Peki ama gerçekte, rekabetçi bir pazardaki bir aktör, eğer hiç cevap vermek zorunda değilse neden bu soruyu cevaplasın ki? Kaliteye (mutluluk puanları, müşteri memnuniyeti, öğrenme ölçütleri, arkadaşlıktan geri dönüş, profesyonel ağların gücü) ilişkin kamuya açık, sektör çapındaki niceliksel veriler olmadan, liste fiyatı tek başına, en azından alışveriş yapanların bir kısmı için bir mükemmellik sinyali olarak hizmet eder.
Okul, başvuranların büyük çoğunluğunu reddetse bile, her yıl binlerce başvuru sahibi liste fiyatını ödemeye gönüllü olarak bu sinyale yanıt veriyor. Veya belki de Vanderbilt ve onun gibi okullar başvuranların büyük çoğunluğunu reddettiği için özellikle gönüllü oluyorlar.
Yani 100.000 dolarlık bir liste fiyatı bizim öncelikli öfkemiz değil. Zengin insanların lüks hizmetleri özgürce satın almaları gösterisi, tamamen incelemeye değer bir konu olsa da (ve akademisyenler tarafından henüz incelenmemiş bir olgu olsa da) yeni bir şey değil.
Ne O Peki sorun mu var? Vanderbilt Eğitim ve İnsani Gelişme Koleji'nde kamu politikası ve yüksek öğrenim alanında doçent olan Brent Joseph Evans, kariyerine Virginia Üniversitesi'nde kabul memuru olarak başladı. Orada organizasyonu New England'daki yatılı okul öğrencilerine ve Appalachian eteklerindeki gençlere sattı.
İlk grup yılda 100.000 dolar ödeyebilir, ancak birçoğu ilk etapta Vanderbilt dünyasına asla ulaşamayacaktır. Mutlaka bir yerlerde yollarını bulacaklardır.
Ama bu son grup?
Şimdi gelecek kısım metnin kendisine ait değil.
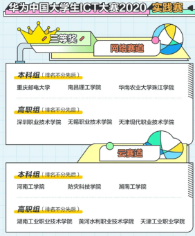 本网讯 近日,2020华为ICT大赛中传来好消息:由我校信息工程学院杨丽莎老师指导的计算机网络技术专业的胡淇、宁可慧、侯佳同学获得2020华为ICT大赛全球总决赛三等奖、中国赛区二等奖(全国高职组第二名),蒲骁旻老师指导的云技术与应用专业的邱海键、周超洋、黄有明获得2020华为ICT大赛全球总决赛二等奖、中国赛区三等奖(全国高职组第五名)。

Profesör Evans herhangi bir okula girip giremeyecekleri konusunda endişeli.
“Devlet üniversitesi sistemine düşük maliyetle girip girmeyeceklerini ve onları orta sınıfta tutabilecek iyi maaşlı bir kariyer bulup bulmayacaklarını önemsemeliyiz” dedi. “Bazen elit üniversitelerin yaptıklarıyla ilgili herhangi bir gerilimin toplum olarak önem vermemiz gereken şeylerden uzaklaştığını düşünüyorum.”